#### [Problem to solve]
Print all the data below exactly, without images.

#### [Information provided]
☆ ☆ ☆ ☆
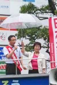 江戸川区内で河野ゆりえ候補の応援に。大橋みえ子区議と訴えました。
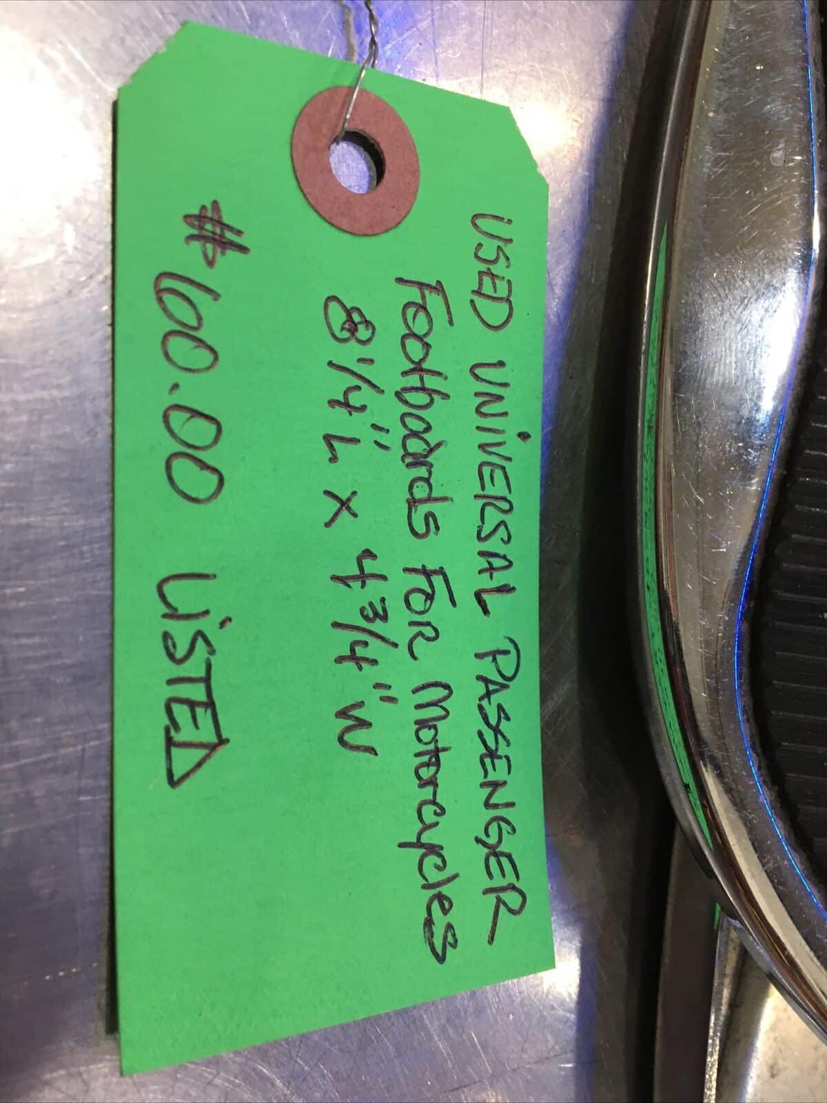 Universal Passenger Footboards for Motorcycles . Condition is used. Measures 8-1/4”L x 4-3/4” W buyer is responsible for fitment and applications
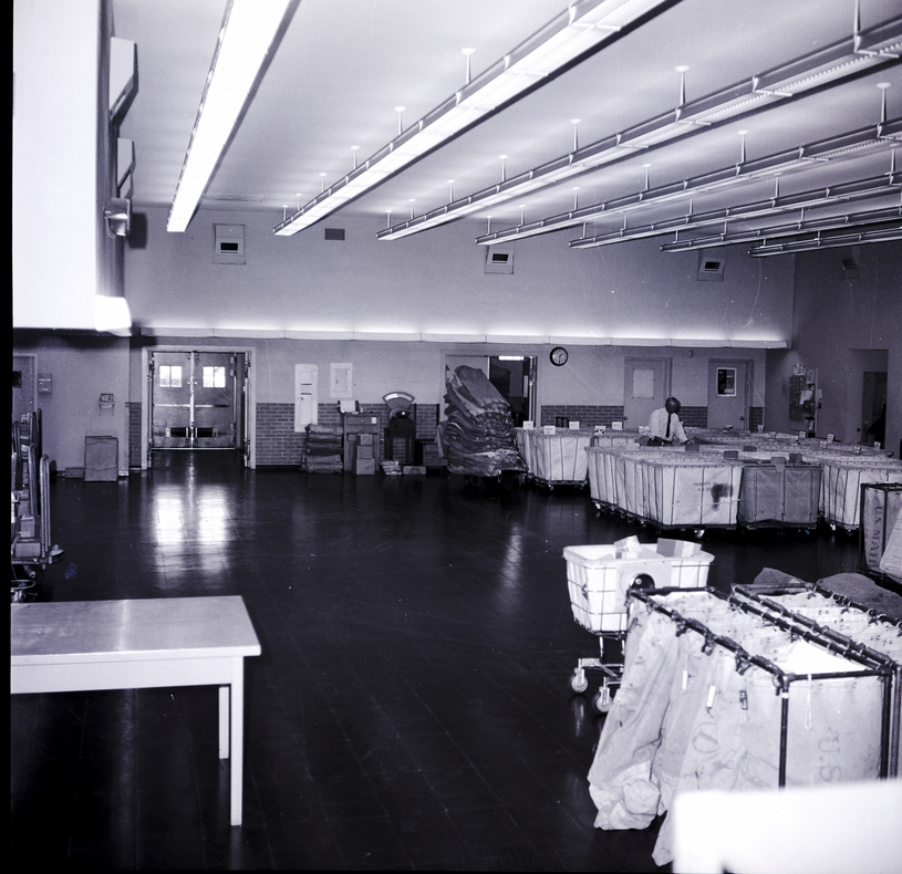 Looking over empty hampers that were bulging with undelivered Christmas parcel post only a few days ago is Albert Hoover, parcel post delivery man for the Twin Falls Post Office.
☆ ☆ ☆ ☆
#### [Reply]
 江戸川区内で河野ゆりえ候補の応援に。大橋みえ子区議と訴えました。
 Universal Passenger Footboards for Motorcycles . Condition is used. Measures 8-1/4”L x 4-3/4” W buyer is responsible for fitment and applications
 Looking over empty hampers that were bulging with undelivered Christmas parcel post only a few days ago is Albert Hoover, parcel post delivery man for the Twin Falls Post Office.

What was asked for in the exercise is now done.